- [What the task asks] Exact copies of the lines below, from the one with "Prizemlje vile čini" up to and including the one with "The literacy rate", are what this calls for; leave out pictures.

· · · · ·

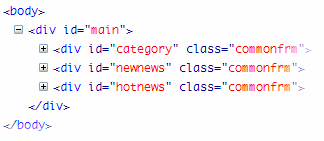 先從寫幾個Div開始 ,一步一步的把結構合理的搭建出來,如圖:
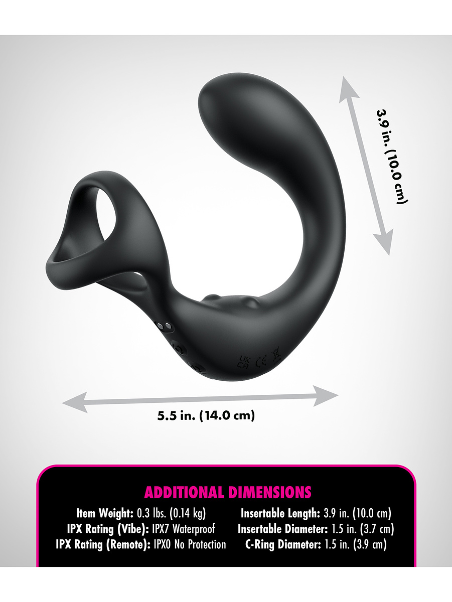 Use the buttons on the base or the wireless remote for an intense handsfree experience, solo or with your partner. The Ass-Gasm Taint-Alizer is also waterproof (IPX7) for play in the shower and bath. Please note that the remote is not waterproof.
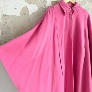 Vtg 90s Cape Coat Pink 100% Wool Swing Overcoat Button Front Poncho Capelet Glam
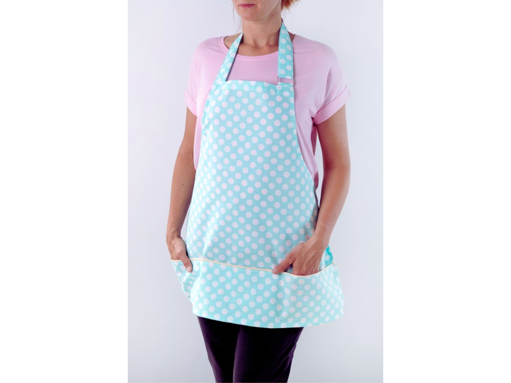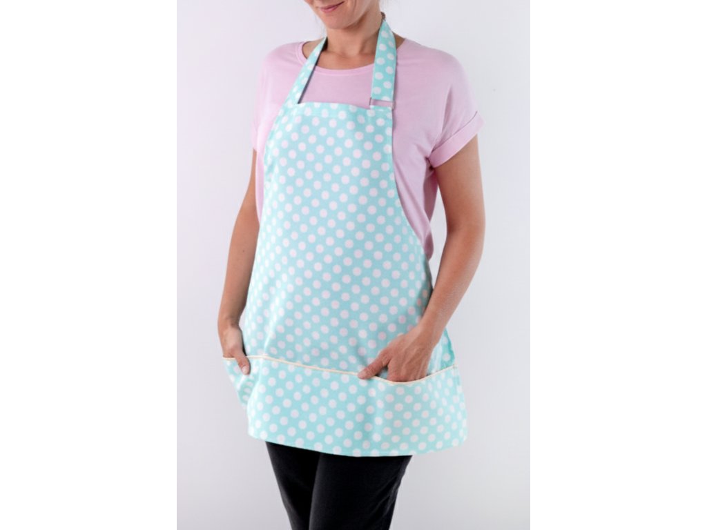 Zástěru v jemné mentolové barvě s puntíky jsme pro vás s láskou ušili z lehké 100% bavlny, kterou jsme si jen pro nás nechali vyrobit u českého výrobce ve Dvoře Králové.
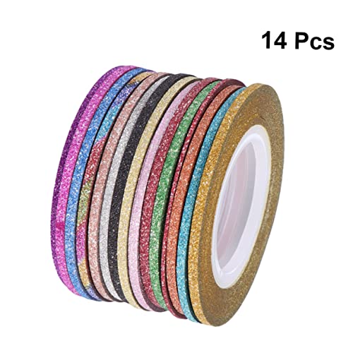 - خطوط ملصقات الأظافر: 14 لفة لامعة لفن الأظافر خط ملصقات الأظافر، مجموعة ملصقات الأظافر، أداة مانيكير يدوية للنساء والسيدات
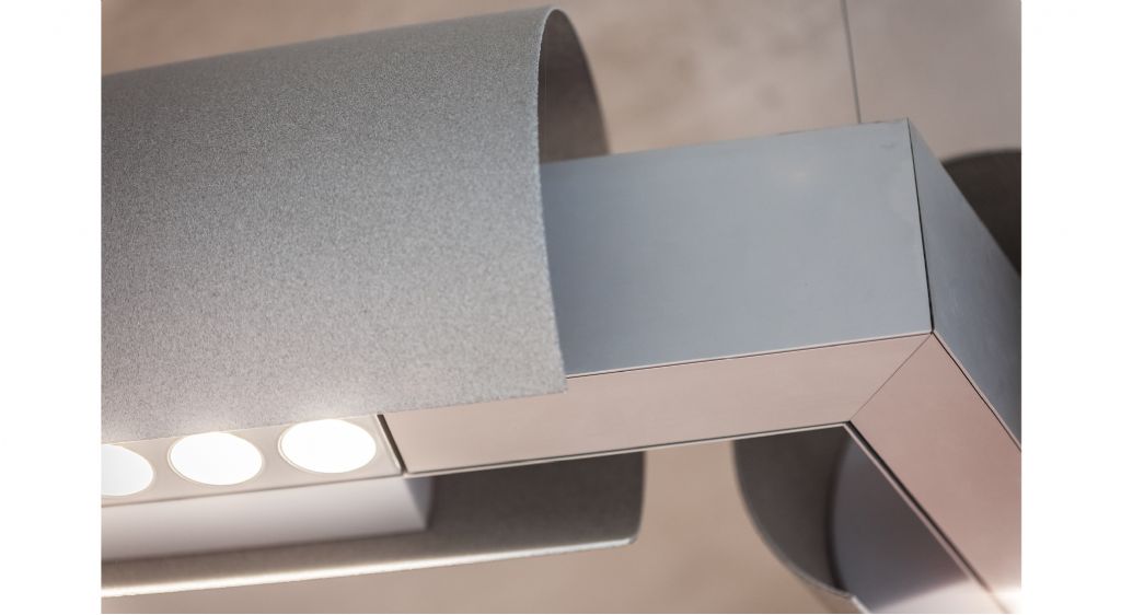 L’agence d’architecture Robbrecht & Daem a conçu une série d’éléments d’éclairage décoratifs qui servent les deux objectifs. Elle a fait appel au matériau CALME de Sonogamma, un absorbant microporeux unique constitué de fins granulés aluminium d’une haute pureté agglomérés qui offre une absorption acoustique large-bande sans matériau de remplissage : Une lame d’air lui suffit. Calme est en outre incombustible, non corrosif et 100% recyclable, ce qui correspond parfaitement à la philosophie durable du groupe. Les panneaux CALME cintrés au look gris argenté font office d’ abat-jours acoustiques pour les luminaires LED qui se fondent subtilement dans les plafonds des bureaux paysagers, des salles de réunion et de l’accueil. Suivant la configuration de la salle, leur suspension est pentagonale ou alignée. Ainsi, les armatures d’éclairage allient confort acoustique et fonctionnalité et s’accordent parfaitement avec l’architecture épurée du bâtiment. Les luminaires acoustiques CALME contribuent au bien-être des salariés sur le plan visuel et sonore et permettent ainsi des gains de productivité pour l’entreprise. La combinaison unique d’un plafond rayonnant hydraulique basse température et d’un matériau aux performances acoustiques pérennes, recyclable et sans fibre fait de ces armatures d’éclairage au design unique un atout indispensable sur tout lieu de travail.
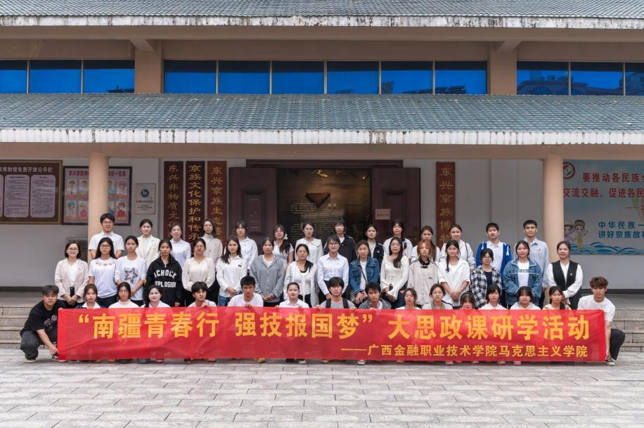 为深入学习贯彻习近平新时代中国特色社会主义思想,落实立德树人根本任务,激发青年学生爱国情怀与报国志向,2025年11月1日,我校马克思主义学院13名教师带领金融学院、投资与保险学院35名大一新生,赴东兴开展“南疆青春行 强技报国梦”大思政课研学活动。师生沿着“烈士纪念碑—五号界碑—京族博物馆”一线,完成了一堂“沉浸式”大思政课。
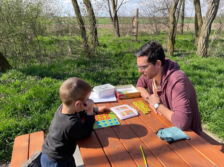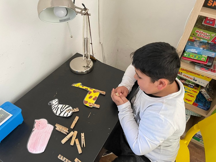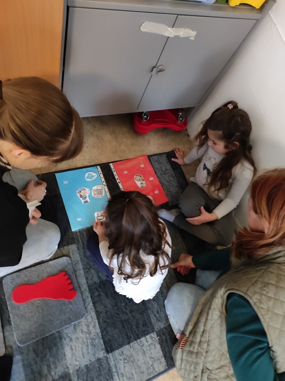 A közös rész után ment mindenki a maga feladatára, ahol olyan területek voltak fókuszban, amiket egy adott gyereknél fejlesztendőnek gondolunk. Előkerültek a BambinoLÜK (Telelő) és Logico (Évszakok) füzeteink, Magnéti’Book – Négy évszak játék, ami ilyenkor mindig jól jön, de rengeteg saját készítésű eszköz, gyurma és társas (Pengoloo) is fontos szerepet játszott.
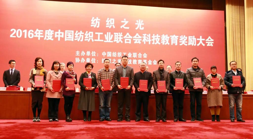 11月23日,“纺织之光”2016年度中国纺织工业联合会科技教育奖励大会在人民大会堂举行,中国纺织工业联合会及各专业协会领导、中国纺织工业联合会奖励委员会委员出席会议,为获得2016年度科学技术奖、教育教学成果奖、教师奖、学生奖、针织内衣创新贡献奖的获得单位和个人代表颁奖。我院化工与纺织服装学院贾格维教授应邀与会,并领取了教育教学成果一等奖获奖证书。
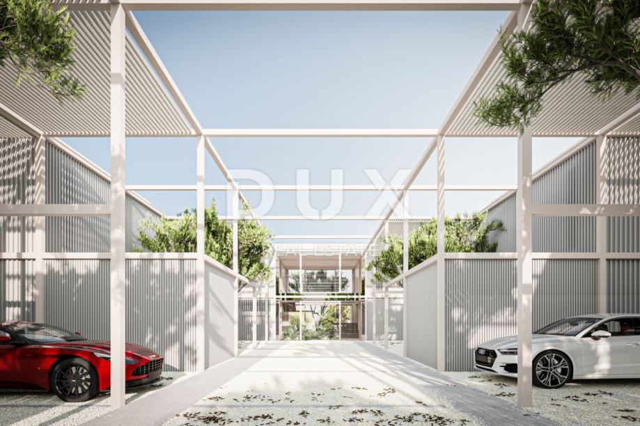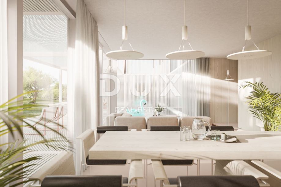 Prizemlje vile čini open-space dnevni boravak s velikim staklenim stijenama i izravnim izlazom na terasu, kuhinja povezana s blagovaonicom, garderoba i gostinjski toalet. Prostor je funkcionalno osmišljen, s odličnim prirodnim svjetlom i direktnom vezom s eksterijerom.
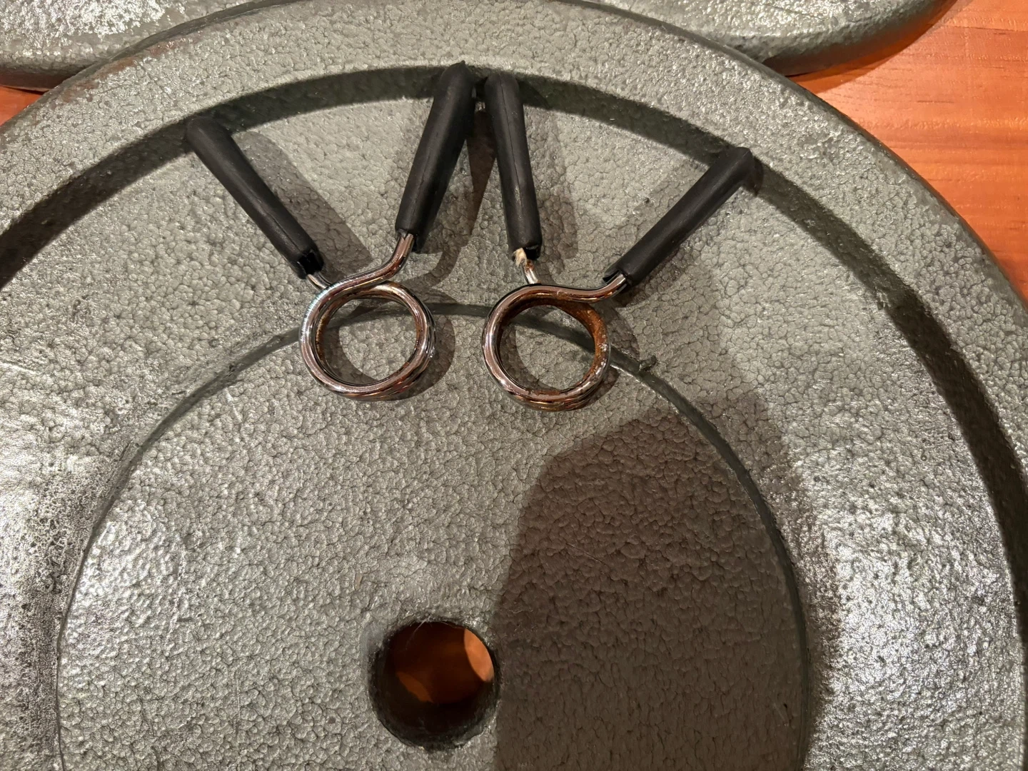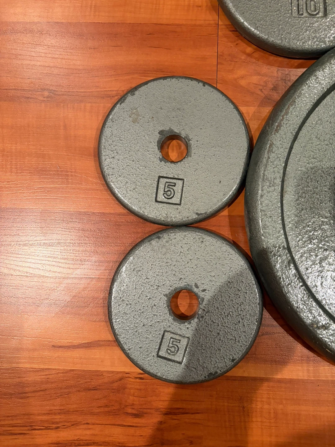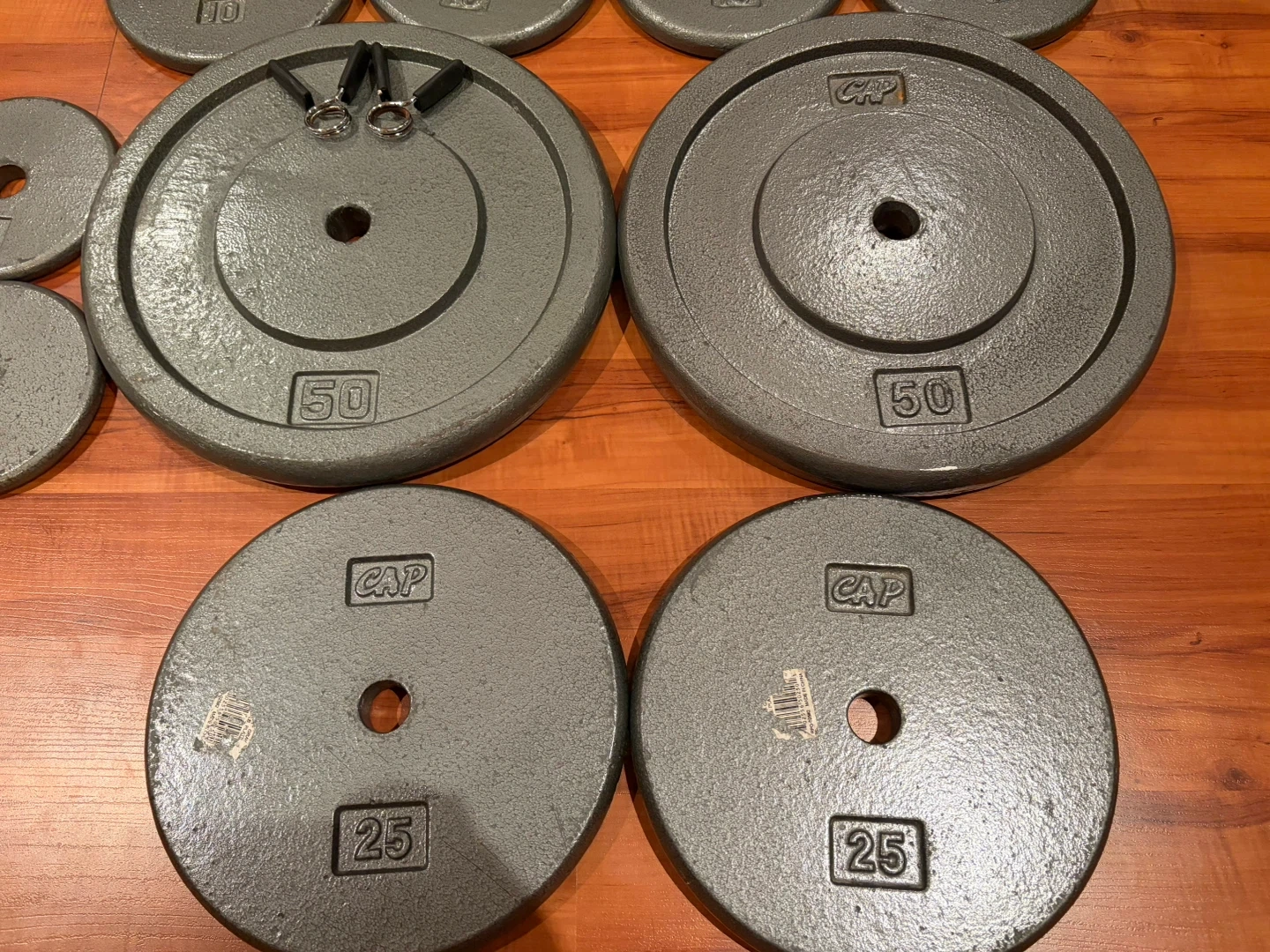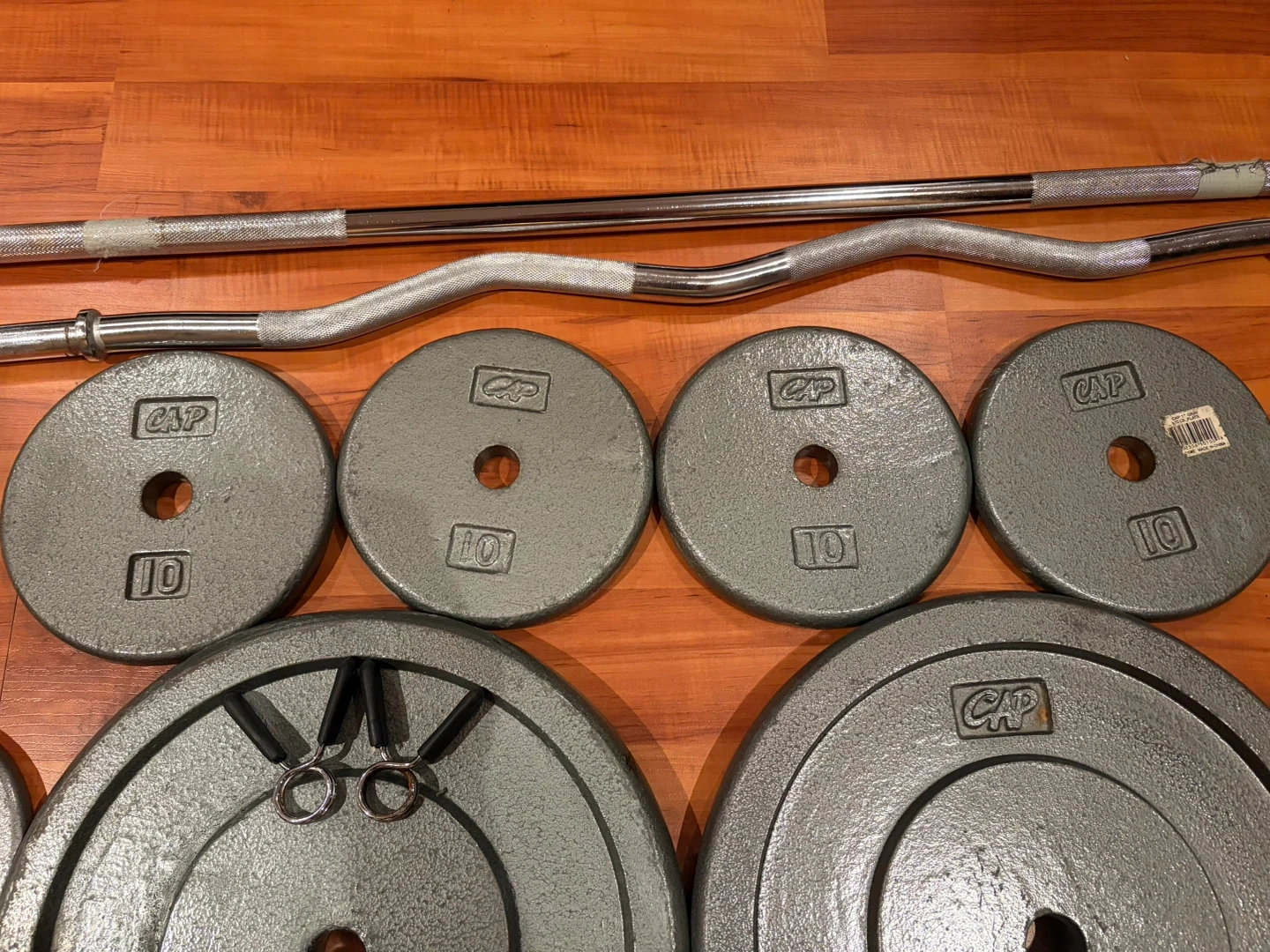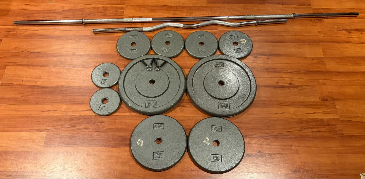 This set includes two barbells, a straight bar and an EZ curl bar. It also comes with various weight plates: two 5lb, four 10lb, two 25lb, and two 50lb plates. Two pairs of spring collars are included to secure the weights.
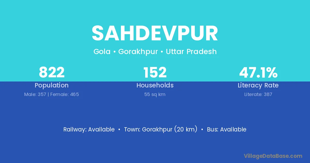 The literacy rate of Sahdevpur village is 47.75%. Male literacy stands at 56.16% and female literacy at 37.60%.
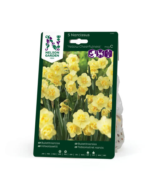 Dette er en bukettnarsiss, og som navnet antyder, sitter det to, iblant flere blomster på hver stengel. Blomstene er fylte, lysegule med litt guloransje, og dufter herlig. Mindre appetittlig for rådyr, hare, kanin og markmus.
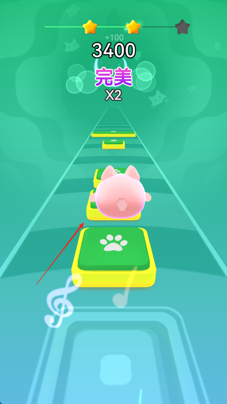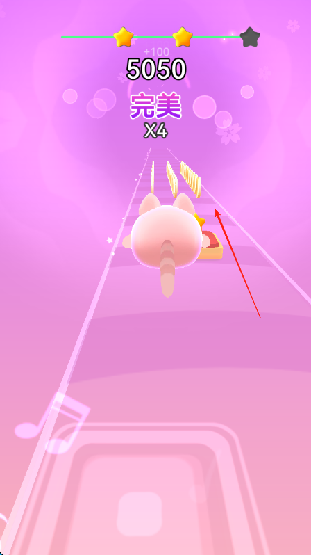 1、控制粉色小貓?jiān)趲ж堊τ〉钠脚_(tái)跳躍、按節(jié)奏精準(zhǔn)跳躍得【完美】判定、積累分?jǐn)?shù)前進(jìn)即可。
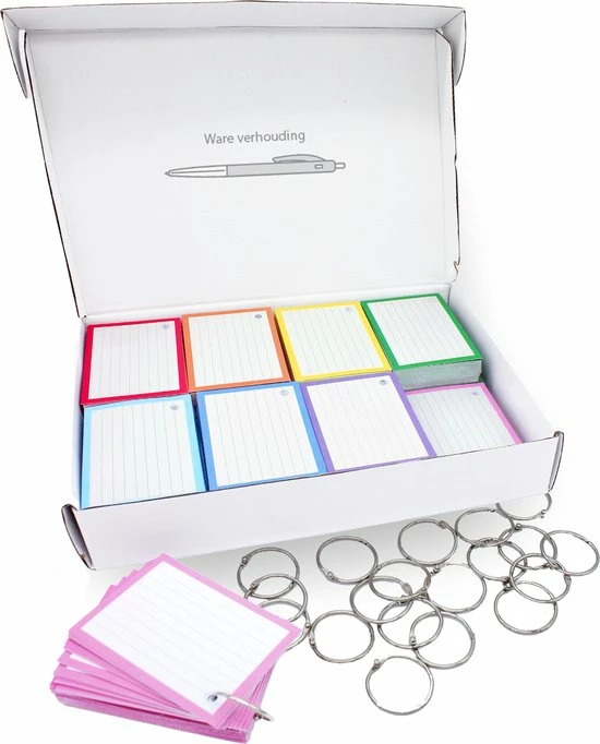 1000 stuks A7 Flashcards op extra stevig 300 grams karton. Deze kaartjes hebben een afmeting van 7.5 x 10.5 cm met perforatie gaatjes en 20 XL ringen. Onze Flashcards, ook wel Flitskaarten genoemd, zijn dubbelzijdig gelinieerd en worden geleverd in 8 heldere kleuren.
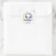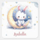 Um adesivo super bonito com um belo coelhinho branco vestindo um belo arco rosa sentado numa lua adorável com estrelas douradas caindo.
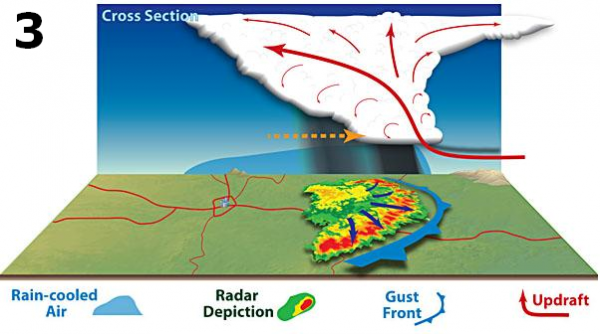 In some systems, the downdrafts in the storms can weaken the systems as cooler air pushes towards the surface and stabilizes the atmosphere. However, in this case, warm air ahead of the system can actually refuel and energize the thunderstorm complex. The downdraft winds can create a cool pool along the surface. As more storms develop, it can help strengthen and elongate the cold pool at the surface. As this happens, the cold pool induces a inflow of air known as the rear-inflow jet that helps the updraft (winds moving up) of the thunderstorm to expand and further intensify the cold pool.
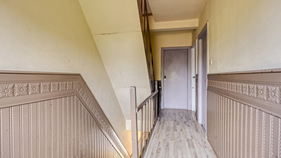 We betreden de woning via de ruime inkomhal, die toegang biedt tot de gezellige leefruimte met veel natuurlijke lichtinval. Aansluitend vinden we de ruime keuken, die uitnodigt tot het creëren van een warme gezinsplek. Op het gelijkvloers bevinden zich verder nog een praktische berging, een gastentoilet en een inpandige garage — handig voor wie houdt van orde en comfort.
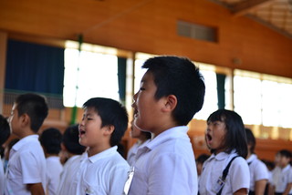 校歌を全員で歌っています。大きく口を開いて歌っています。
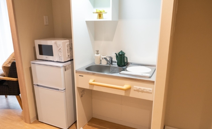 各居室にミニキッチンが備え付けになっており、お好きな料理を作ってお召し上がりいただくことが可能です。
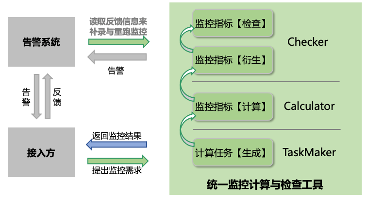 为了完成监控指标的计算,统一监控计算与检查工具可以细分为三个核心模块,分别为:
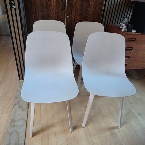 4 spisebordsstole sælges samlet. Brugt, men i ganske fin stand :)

· · · · ·

- [Response to this exercise]
 Prizemlje vile čini open-space dnevni boravak s velikim staklenim stijenama i izravnim izlazom na terasu, kuhinja povezana s blagovaonicom, garderoba i gostinjski toalet. Prostor je funkcionalno osmišljen, s odličnim prirodnim svjetlom i direktnom vezom s eksterijerom.
 This set includes two barbells, a straight bar and an EZ curl bar. It also comes with various weight plates: two 5lb, four 10lb, two 25lb, and two 50lb plates. Two pairs of spring collars are included to secure the weights.
 The literacy rate of Sahdevpur village is 47.75%. Male literacy stands at 56.16% and female literacy at 37.60%.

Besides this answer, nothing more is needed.